少し古びた宿の食堂で、涙ながらに話す彼女。
つられたのか、村の大人達が涙ぐみながらウンウンとうなずいている。
彼女はこのまま、この村で暮らしていけそうだ。
そろそろ次の村に行きたい俺は、その場をそっと離れた、いや離れようとした。
「なんで置いてくのよ」
少しふてくされたような上目遣いがかわいいなとかは思わない。
「アタシを独りにするの……?」
潤んだ瞳がキラキラしてるとか思わない。
「ほら、旅ってモンスターが出たりして危ないし、俺は旅の途中だし、キミは」
「キミじゃないわ、うららちゃん」
俺のマントを握りしめる、小さな手の爪が桜貝みたいだなって俺は、絶対、思ってないから。
「あー…うららちゃん?」
「なぁに?」
「うららちゃんに、旅は、無理」
「……そうなの?」
……沈黙。

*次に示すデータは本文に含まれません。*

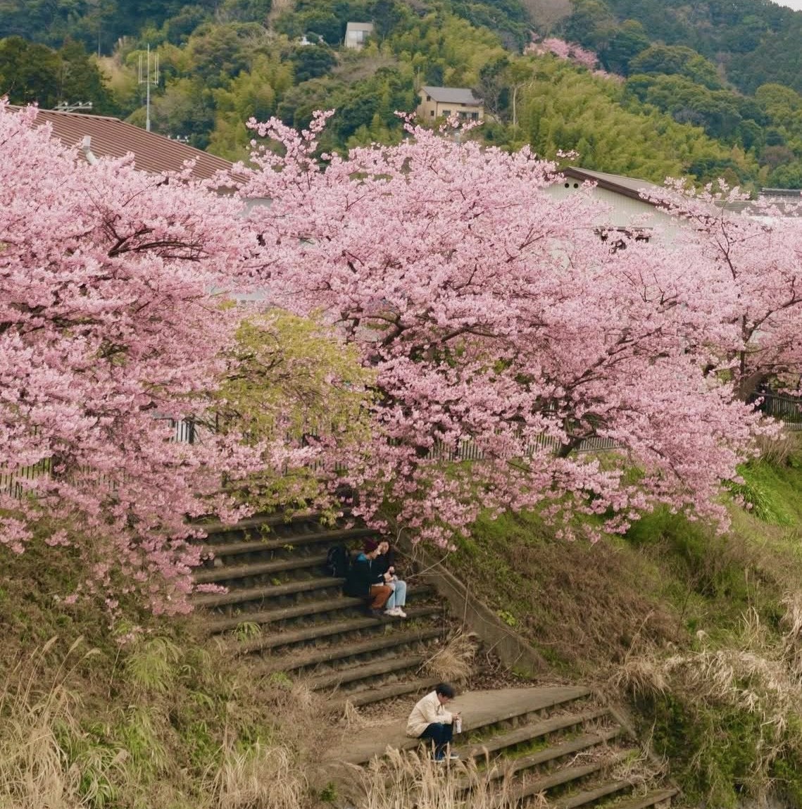 Khi anh đào ở Tokyo vẫn còn trong giai đoạn “ngủ đông”, Kawazu đã bước vào mùa hoa rực rỡ nhất trong năm. Những hàng Kawazu Sakura nở sớm với sắc hồng đậm, bông to và dày, tạo nên khung cảnh rất khác so với mùa anh đào truyền thống cuối tháng 3.

っておい。周りに人が
なんでこの村の住人はこの子をとめないんだ!?
「モンスターが出て危ない。その格好では長い距離はとてもじゃないけど歩けなさそうだ。それに、」
一旦言葉を溜めてから、形の良い鼻を小突いてやった。
「うららちゃんには宿代も御飯代もない」
こういう事はびしっと言ってやったほうが良いんだ。